将字符串作为指针或文字传递时，strcmp（）返回值不一致

Question

I was playing around with strcmp when I noticed this, here is the code:

#include <string.h>
#include <stdio.h>

int main(){

    //passing strings directly
    printf("%d\n", strcmp("ahmad", "fatema"));

    //passing strings as pointers 
    char *a= "ahmad";
    char *b= "fatema";
    printf("%d\n",strcmp(a,b));

    return 0;

}

the output is:

-1
-5

shouldn't strcmp work the same? Why is it that I am given different value when I pass strings as "ahmad" or as char* a = "ahmad" . When you pass values to a function they are allocated in its stack right?

Answer 1

You are most likely seeing the result of a compiler optimization. If we test the code using gcc on godbolt , with -O0 optimization level, we can see for the first case it does not call strcmp :

movl    $-1, %esi   #,
movl    $.LC0, %edi #,
movl    $0, %eax    #,
call    printf  #

Since your are using constants as arguments to strcmp the compiler is able for perform constant folding and call a compiler intrinsic at compile time and generate the -1 then, instead of having to call strcmp at run-time which is implemented in the standard library and will have a different implementation then a likely more simple compile time strcmp .

In the second case it does generate a call to strcmp :

call    strcmp  #
movl    %eax, %esi  # D.2047,
movl    $.LC0, %edi #,
movl    $0, %eax    #,
call    printf  #

This is consistent with the fact that gcc has a builtin for strcmp , which is what gcc will use during constant folding.

If we further test using -O1 optimization level or greater gcc is able to fold both cases and the result will be -1 for both cases:

movl    $-1, %esi   #,
movl    $.LC0, %edi #,
xorl    %eax, %eax  #
call    printf  #
movl    $-1, %esi   #,
movl    $.LC0, %edi #,
xorl    %eax, %eax  #
call    printf  #

With more optimizations options turned on the optimizer is able to determine that a and b point to constants known at compile time as well and can also compute the result of strcmp for this case as well during compile time.

We can confirm that gcc is using builtin function by building with the -fno-builtin flag and observing that a call to strcmp will be generated for all cases.

clang is slightly different in that it does not fold at all using -O0 but will fold at -O1 and above for both.

Note, that any negative result is an entirely conformant, we can see by going to the draft C99 standard section 7.21.4.2 The strcmp function which says ( emphasis mine ):

 int strcmp(const char *s1, const char *s2); 

The strcmp function returns an integer greater than, equal to, or less than zero , accordingly as the string pointed to by s1 is greater than, equal to, or less than the string pointed to by s2.

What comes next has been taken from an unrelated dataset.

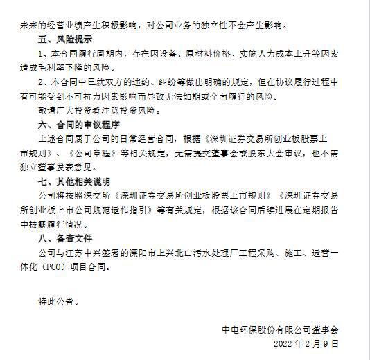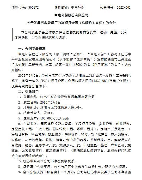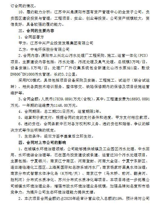2022年2月9日,公司與江蘇中興簽署了溧陽市上興北山污水處理廠工程采購、施工、運(yùn)營一體化(PCO)項目合同,合同總額人民幣約1.78億元(含稅)。

technosurus points out that strcmp is specified to treat the strings as if they were composed of unsigned char , this is covered in C99 under 7.21.1 which says:

For all functions in this subclause, each character shall be interpreted as if it had the type unsigned char (and therefore every possible object representation is valid and has a different value).

Answer 2

I think you believe that the value returned by strcmp should somehow depend on the input strings passed to it in a way that is not defined by the function specification. This isn't correct. See for instance the POSIX definition:

http://pubs.opengroup.org/onlinepubs/009695399/functions/strcmp.html

Upon completion, strcmp() shall return an integer greater than, equal to, or less than 0, if the string pointed to by s1 is greater than, equal to, or less than the string pointed to by s2, respectively.

This is exactly what you are seeing. The implementation does not need to make any guarantee about the exact return value - only that is less than zero, equal to zero, or greater than zero as appropriate.